Second, I generalised the pipeline and created it as a singular task in the core component library. Given the developer was unblocked, thanks to the “make it work” step being carried out, I then had a good long think about what I wanted as standard. I setup docker build caching, implemented security scanning with trivy, defined an interface and called it a day.
Third, after a couple of weeks of usage I identified that the CLI tool I was using to do the builds was ineffective. I gutted the entire tool from the task, replaced it with buildah, generally optimised the tasks and sped up the build time by 95%. The developers using the task simply bumped to a new patch version of the core CI/CD component library, and their builds were sped up by 95% without any other effort needed on their part.
The worked example highlights the benefits of such a model:
Developers use off-the-shelf components to fulfil their needs.
Such components are centralised, allowing our specialist teams to optimise the computation of such components and enforce standardisation of security tooling, tool chains, processes etc.
Centralised components are semantically versioned like any other software, with a well-defined interface and contextual dependencies.
Centralised components are released with release notes, and core user documentation, making it a well-known, well-documented, mature ecosystem for developer usage.
Developers benefit from improvements to core components by simply bumping semantic version, and making changes to their pipelines are indicated by the release notes for the version(s) they are bumping to.
This is a pattern which is applicable across many platforms. For example, in Azure DevOps Pipelines we declare a resource in our pipeline which we may then later reference:
- template: <task>.yaml@library parameters: key: value
Docs for Azure DevOps Pipelines resources are available here
Whilst for GitHub Actions we use composite actions with a full reference to the remote repository on a per-task basis:
- uses: <task>@<version> with: key: value
Docs for GitHub Actions composite actions are available here
Templating entire workflows
The pull model is also applicable to entire workflows but such re-usable, end-to-end, workflows should sit separately to the reusable component library.
For example, say you’re running an extract-transform-load (ETL) project split across a usual development/test/production environment separation. Occasionally, your developers want an anonymised snapshot of raw production data in test in order to carry out testing of the ETL processes before deploying to production.
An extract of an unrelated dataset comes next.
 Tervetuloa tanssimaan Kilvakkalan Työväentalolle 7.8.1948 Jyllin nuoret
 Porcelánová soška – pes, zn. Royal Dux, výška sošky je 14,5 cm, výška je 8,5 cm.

In this instance, you might want a full end-to-end pipeline to:
Discover KMS keys on source and destination S3 buckets.
Mutate polices to allow a cross-account copy.
Use the AWSCLI to perform a cross-account sync from a given source bucket and path in production, to a given destination and path in test.
Restore KMS key policies.
Given this need has arisen in one ETL project, odds are it’ll be a requirement in others. In this instance, you can:
Setup an initial pipeline in a source repository to perform the full process between a singular source and destination bucket. (make it work)
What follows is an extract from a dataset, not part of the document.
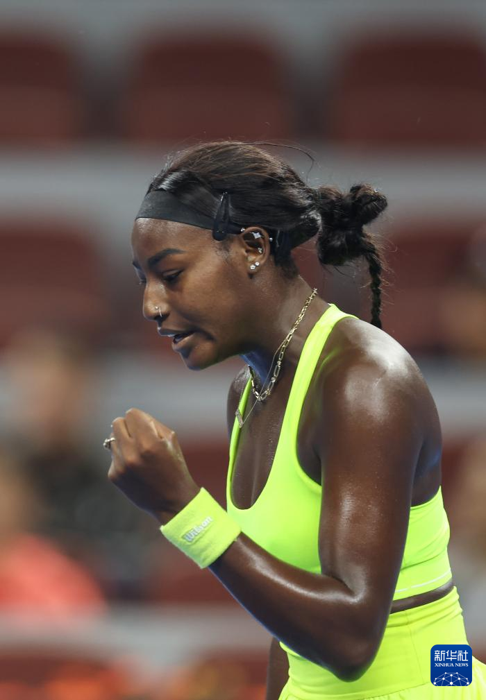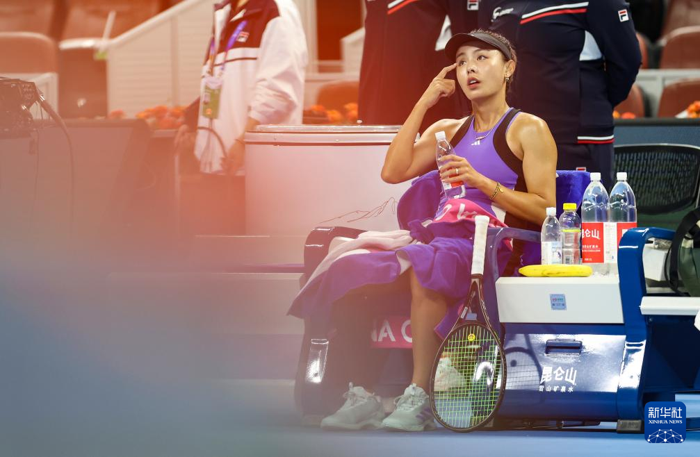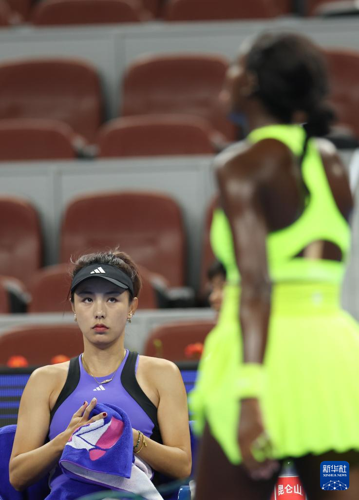 9月25日,王蔷(左)与帕克斯在比赛间隙。
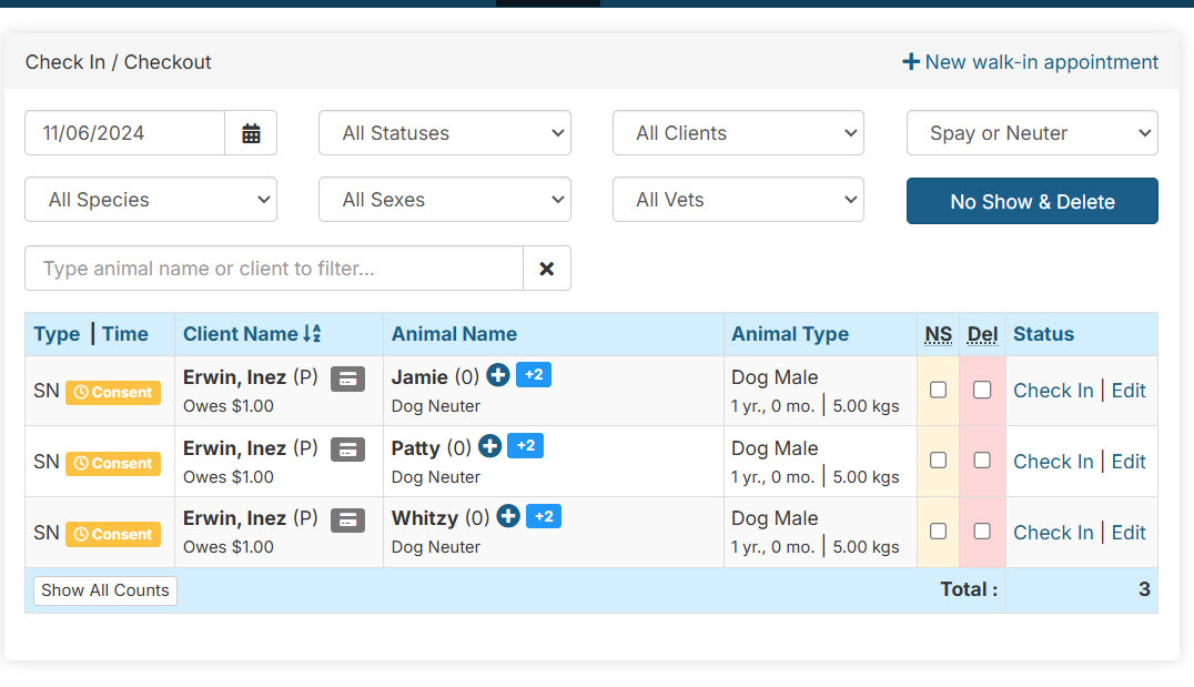 Sometimes a Volume Client (e.g., a rescue group) may book multiple appointments online using the public client form. These can be converted into Volume Client appointments by merging records.

Generalise this in a ci-cd-workflow repository, and semantically version it. (make it right)
Use the templated end-to-end workflow to quickly setup automated processes to take snapshots of data from production to test on a regular basis at pre-determined paths to assist the SDLC (make it fast)
The key thing to note is that automated workflows and reusable components are not mutually exclusive. One, in fact, supports the other; you can cobble together reusable components to automate entire workflows, semantically version these end-to-end workflows, and use this across the business to rapidly fulfil developer needs.
Push model
Within the push model, we flip the assumptions of the pull model on its head. Rather than provisioning a platform of re-usable components, we instead centralise the management of all pipelines within the organisation.
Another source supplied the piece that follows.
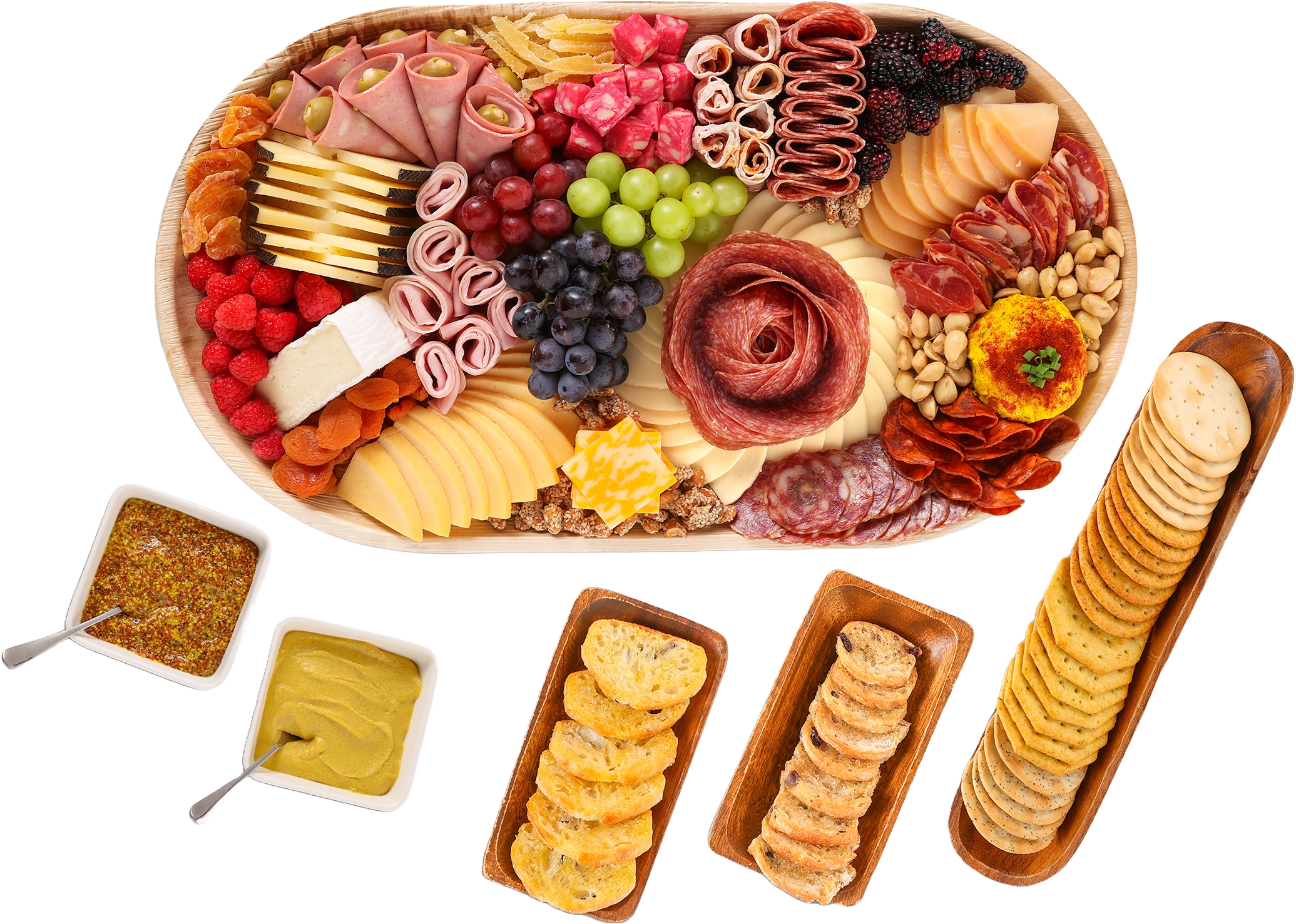 A selection of imported meats and cheeses; genoa salami, hot and sweet capicolas, mortadella with pistachios, sopressata, jambon de paris, chorizo, serrano ham, manchego, provolone, edam, aged gouda, double cream brie, port wine, colby, and smoked mozzarella spread. garnished with fresh and dried fruits, nuts, mustards, crostini, and crackers.
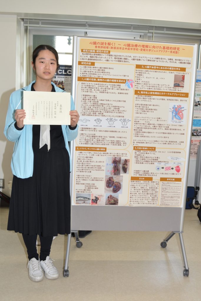 奨励賞の賞状を手に発表ポスターの前に立つ曽我部結理さん

In my experience, this is only performed if you have a really mature source control platform to manage your source control. It requires automated processes, and declarative code, to centrally manage all of your source control repositories in order to propagate out pipelines from a centralised source.
For example, we might use tagging to determine what technologies are utilised for a given repository. Given these tags we can bootstrap the repository with standardised pull request and deployment workflows, and have bootstrap steps in them to read in data at runtime to mutate the workflows behaviour via the usage of dynamic matrices. A really basic example within GitHub Actions might be as follows:
This way, we can centrally control the workflows which are applied to our repositories but still allow the workflows to mutate to the specific repository setup.
However, it should be noted that - in my experience - the push model is not as prominent as the pull model. That said, they are not mutually exclusive; workflows centrally pushed can still use reusable components in your core ci-cd-component library.
CI/CD Tooling
Regardless of if you’re using a pull or push model, your chosen CI/CD platform will have gaps that off-the-shelf components cannot fulfil. For example, a quick scan of the task library for Azure DevOps Pipelines or the in-built tasks for GitHub Actions shows there are no in-built tasks to add a comment on a BitBucket pull request to push a docker image to an internal Nexus artefact repository.
A more pertinent example might be if you’re hosting an internal RESTAPI and you want to built up a set of reusable components that interact with the RESTAPI to trigger tasks, monitoring tasks, carry out healthchecks etc.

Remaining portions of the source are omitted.